We all know that timing the market is pretty well impossible, but you can watch certain economic indicators to get clues as to what is happening in the economy.  This in turn helps us make smarter investment decisions.

A (Very) Brief Economy Lesson

The economy moves in cycles.  If I drew a diagram it would look like a roller coaster with troughs at the bottom and peaks at the top of each loop.  Like a roller coaster there can be gradual changes, or steep climbs and stomach-churning drops.  Going from trough to peak is called expansion and from peak to trough is a contraction.

Key Economic Indicators

How do you know where we are in the economic (or business) cycle?  There are entire courses and books on economics (and most economists never agree with each other), but there are some clues that are readily available to the general public in the economic section of any major newspaper or financial website.  These are called indicators.  There are three main types of economic indicators:

  • Lagging indicators change after the economy has already begun to follow a particular cycle.
  • Leading indicators show what is going to potentially happen in the future.
  • Coincident indicators show what is happening in the economy right now.

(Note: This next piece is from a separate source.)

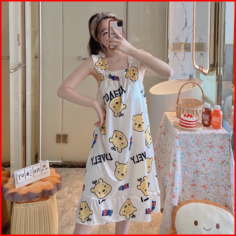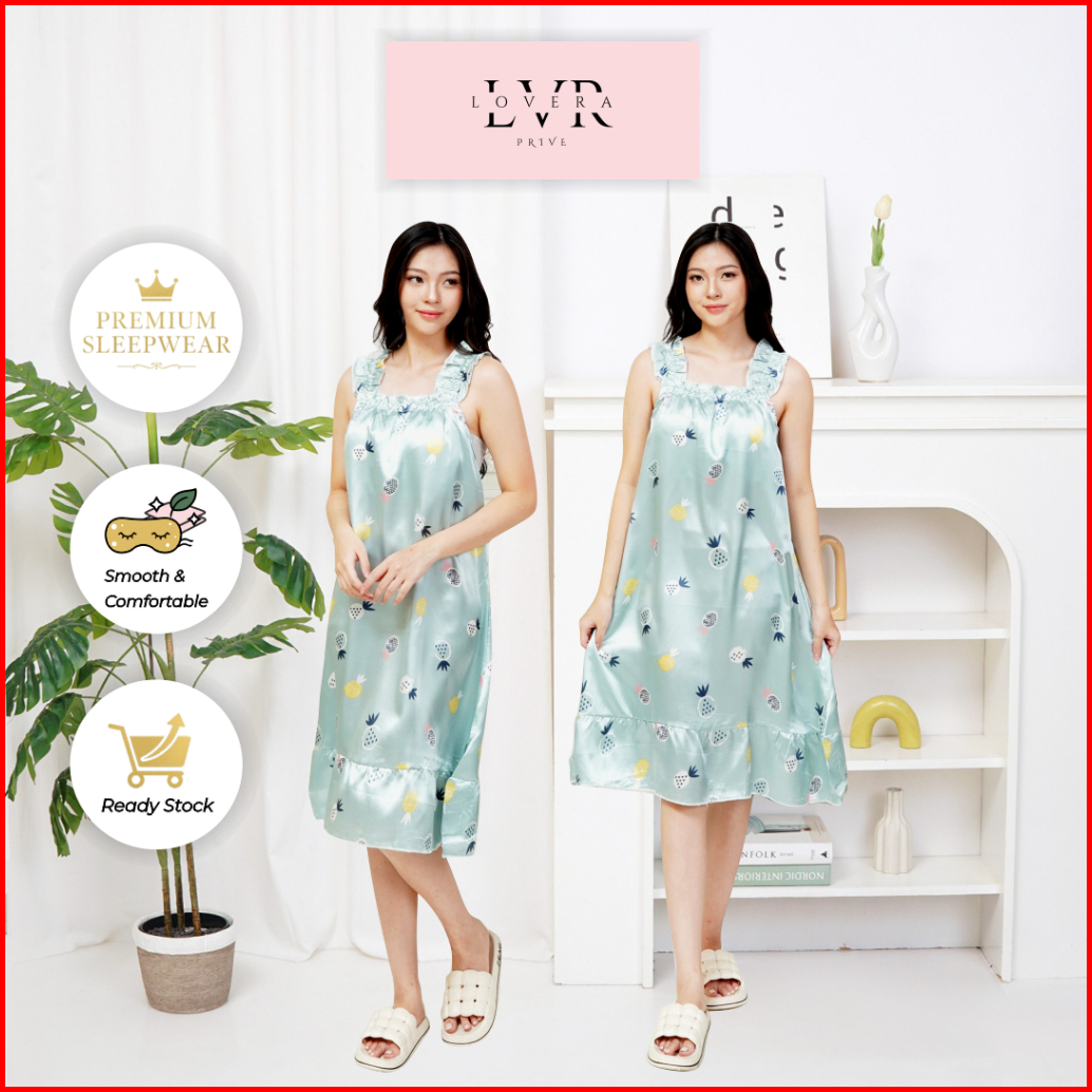 Lovera Daster Satin Model Tanktop Gaun Tidur Panjang Import High Quality

Some Indicators You Should Watch

  1. Unemployment figures are lagging indicators so they might confirm that the cycle is in fact rising or falling.  Track reports that give the number of people on the unemployment rolls.
  2. Consumer confidence is a leading indicator as it refers to how consumers feel about the future of the economy.  If consumer confidence is high, they are much more likely to spend which translates into higher profits for companies which can lead to higher stock prices.  Of course, if confidence is low it means consumers are going to be saving their money instead of spending it.
  3. Retail sales is a coincident indicator, which gives clues as to how the consumer is actually behaving.  The first industry to recover after a contraction if frequently retail.  Then the demand for goods pushes businesses to produce more products, which often leads to a spike in manufacturing and materials.
  4. Real estate and new housing starts figures are a leading indicator of economic activity.  Individuals will make big-ticket purchases when they feel their jobs are secure and that they will be able to keep up with their mortgage payments.

There are many other indicators you can track including manufacturing and industrial trends, and inflation.  It’s important to monitor a number of different indicators before you change investment strategies to see if they signal the same thing.

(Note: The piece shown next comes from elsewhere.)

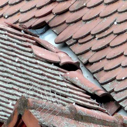Durch Sturm heruntergefallene Firstziegel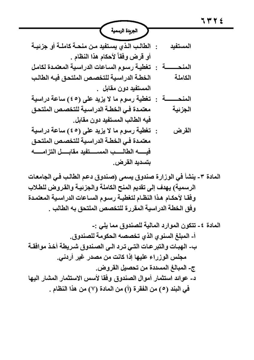وحرم النظام، الطلبة في الجامعات الرسمية، الحاصلين على معدل أقل من 68 بالمئة، من الاستفادة من المنح والقروض الجامعية.

Don’t worry about being too precise with the timing.  Each phase will last some time and you’ll have ample opportunity to read the signs and take appropriate measures.

With the current global economic crisis there is a lot of talk about a coming recession to equal that in 2008.  However, recent data on consumer confidence, retail spending and employment figures are trending upwards.

Do we look for good opportunities to buy, or keep our money in a savings account while we wait and see what happens next?  What do you think?